The antigen receptor signaling pathways in T- and B- cells share many components with NK-cells. PRDM1-bound genes included a large number of genes in the TCR signaling pathway and those involved in NK-cell activation and NK-cell mediated cytotoxicity (Fig. 2C, E, Fig. S6A–D).

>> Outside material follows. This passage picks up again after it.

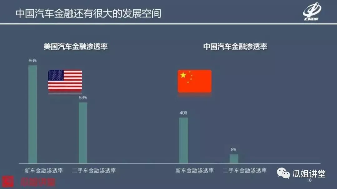 二手车差距就更大了,二手车的金融渗透率现在仍然是个位数,只有8%,而美国二手车的金融渗透率是53%。

PRDM1 targeted various NK-cell receptors and also bound genes of the signaling lymphocytic activation molecule (SLAM) family (Fig. 2C), which are crucial for regulating NK-cell activation and subsequent effector programs when encountering pathogens or tumor cells and for restraining the effector functions upon ligation to MHC class I molecules [54]. PRDM1 also bound genes encoding immune checkpoint molecules, interleukin receptors, cytokines, NK-cell cytotoxicity effectors, chemokine receptors and ligands responsible for NK-cell trafficking, TFs associated with NK-cell development and differentiation, and apoptosis-regulating genes (Fig. 2C).
To identify PRDM1-bound genes that are functionally relevant in human NK-cells, we integrated the PRDM1 ChIP-seq data with RNA-seq data. 492 and 723 PRDM1-bound genes were DEGs in the PRDM1-fKO vs. WT NK-cell and PRDM1-OE vs. control KHYG1 cell comparison, respectively (Fig. 3A). In DAVID KEGG pathway analysis, these PRDM1-bound DEGs were enriched in Th17 cell differentiation, NK-cell mediated cytotoxicity, TCR, and p53 signaling pathways comparing PRDM1-OE vs. control KHYG1 cells, and in chemokine and NF-kappa B signaling pathways comparing PRDM1-fKO vs. WT NK-cells (Fig. 3B).

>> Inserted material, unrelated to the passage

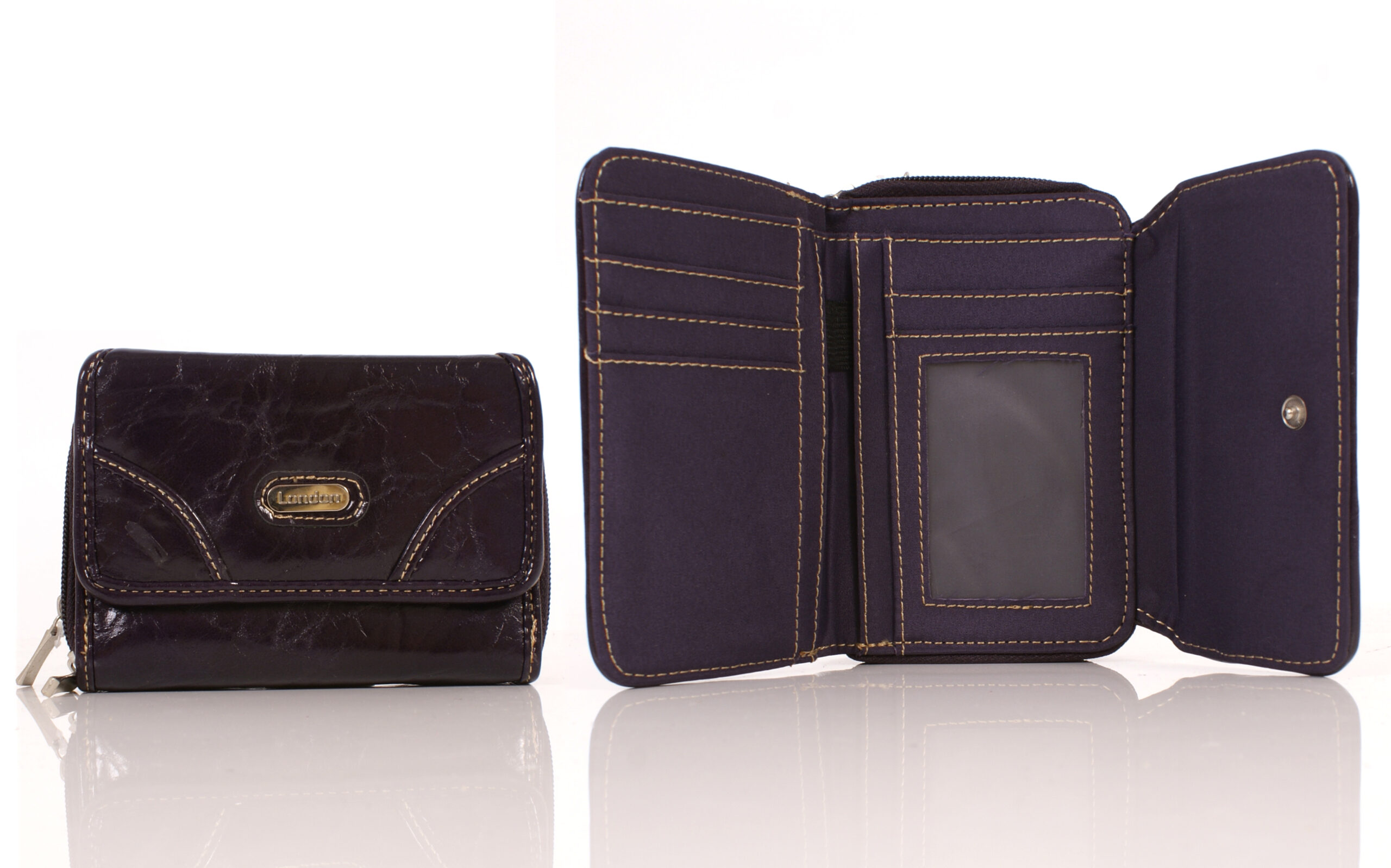 PU purse with microfibre interior. Many card slots, a cash compartment, an ID holder and a large concertina zipped purse on the back.

Motif analysis demonstrated a trend that target genes with only PRDM1 motif were more likely to be upregulated and showed higher (P < 0.01) expression levels upon PRDM1 fKO compared with those with RUNX only motif (Fig. 3C, left panel). In contrast, short-term PRDM1 OE led to repression of most of the PRDM1 target genes, with a slightly higher percentage of upregulated genes and increased expression when only RUNX motifs were present (Fig. 3C, right panel). These findings suggested that PRDM1 mainly acts as a transcriptional repressor when binding directly to targets and that the association with RUNX or other TFs may lead to more divergent regulation of target gene expression.

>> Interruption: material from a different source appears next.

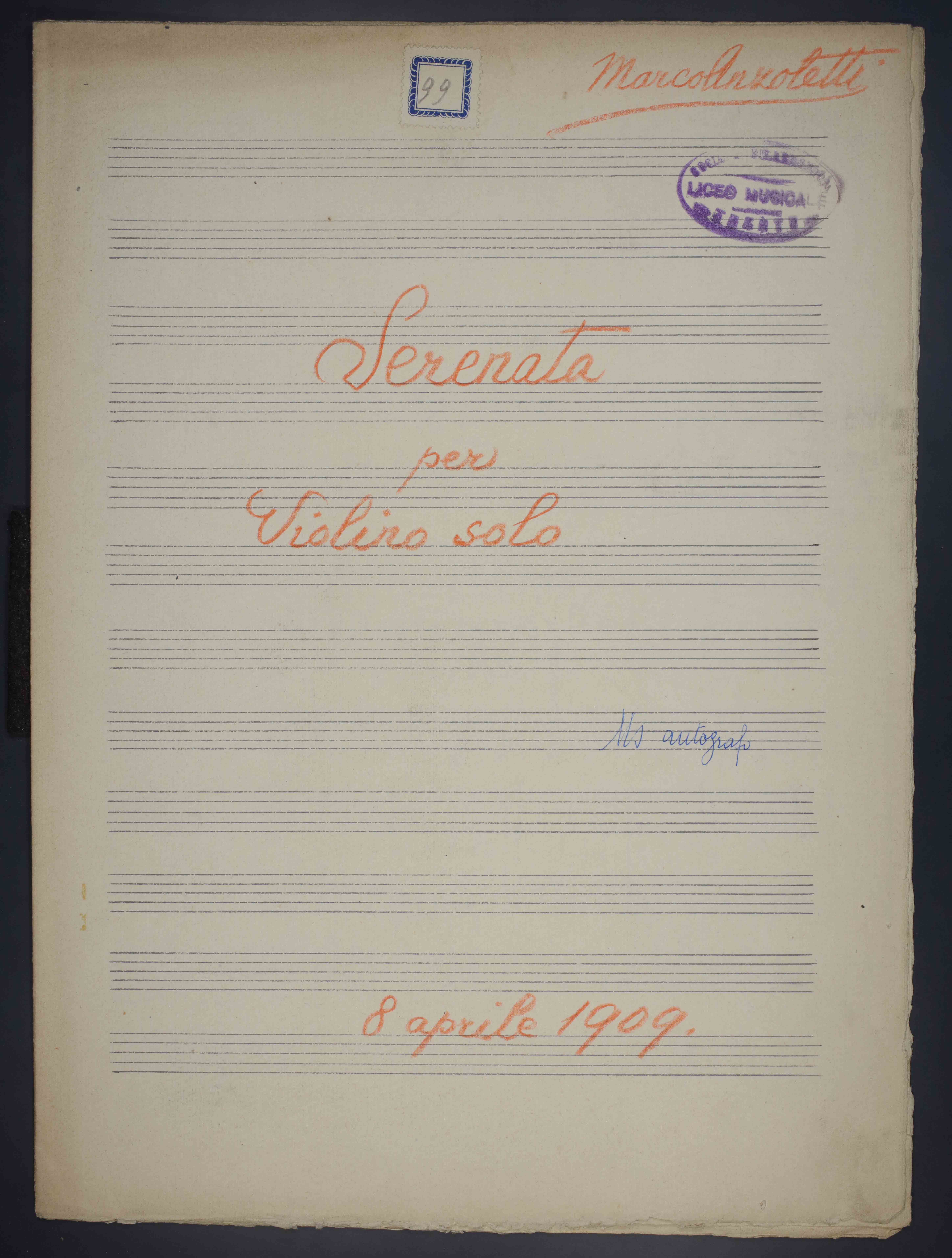 1 partitura [2], 3, [3] p. ; 34 cm. Ricevuto in deposito dalla Società Filarmonica di Trento nel 1941. Manoscritto autografo. Timbro del Liceo musicale - Società Filarmonica Trento sulla coperta e a p. 1. Sulla coperta antica segnatura di collocazione: 99

By overlapping our PRDM1 ChIP-seq peaks with differentially accessible ATAC-seq regions between CD56bright and CD56dim NK-cells [45], we identified 711 PRDM1-bound sites that displayed changes in chromatin accessibility during CD56bright to CD56dim NK-cell transition (Fig. 3D). Many of these differentially accessible PRDM1-bound peaks were associated with differential gene expression between PRDM1-fKO and WT NK-cells, including the key regulators of stem-like features (TCF7, MYB), master TF that controls NK cell terminal differentiation (BCL11B), NK effector molecule (GZMB), and stem memory markers (SELL, CCR7) (Fig. 3E). These results strongly suggest that PRDM1 binding may directly regulate chromatin accessibility and transcription of important target genes involved in human NK-cell differentiation, activation, and stem-like phenotype acquisition.
Chromatin accessibility in stimulated human NK-cells and association with PRDM1 binding
We performed ATAC-seq on NK-IL2-D6 and NK-F-D13 and identified a total of 42,450 and 40,328 ATAC peaks, respectively (Fig. 4A). The replicate samples clustered together (Fig. S7A). Significantly enriched (p < 10-150) STAT5B footprints were identified in the accessible regions in both NK-IL2-D6 and NK-F-D13 compared to resting NK-cells [45] (Fig. S7B), consistent with the activation of JAK-STAT5 pathway with IL-2 stimulation. Importantly, both PRDM1 and RUNX motif footprints were also significantly enriched (p < 10-120) after IL-2 or feeder cell stimulation, indicating that these two TFs are important in the TF network in NK-cells upon activation (Fig. 4B, Fig. S7B).
A Overlapping peaks between ATAC-seq and PRDM1 ChIP-seq. The density plots show distribution of overlapping peak numbers in 1000 random shuffle permutations with Bedtools and the red lines denote the observed overlap numbers and their p-values. B ATAC-seq signals showing PRDM1 (top) and RUNX (bottom) footprints in NK-IL2-D6 and NK-F-D13. C Bar graph showing the number and percentage of PRDM1-bound sites with PRDM1 and/or RUNX motifs that were accessible or inaccessible. P-value indicates the significance of Chi-squared test of percentage between two groups. *, p < 0.05; **, p < 0.01; ***, p < 0.001. Bar graph showing number and percentage D and KEGG pathway analysis E of PRDM1 footprint-containing genes that showed differential ATAC signal between NK-IL2-d6 or NK-F-D13 vs. freshly isolated CD56dim NK-cells. P value indicates significance in Chi-squared test of the proportion.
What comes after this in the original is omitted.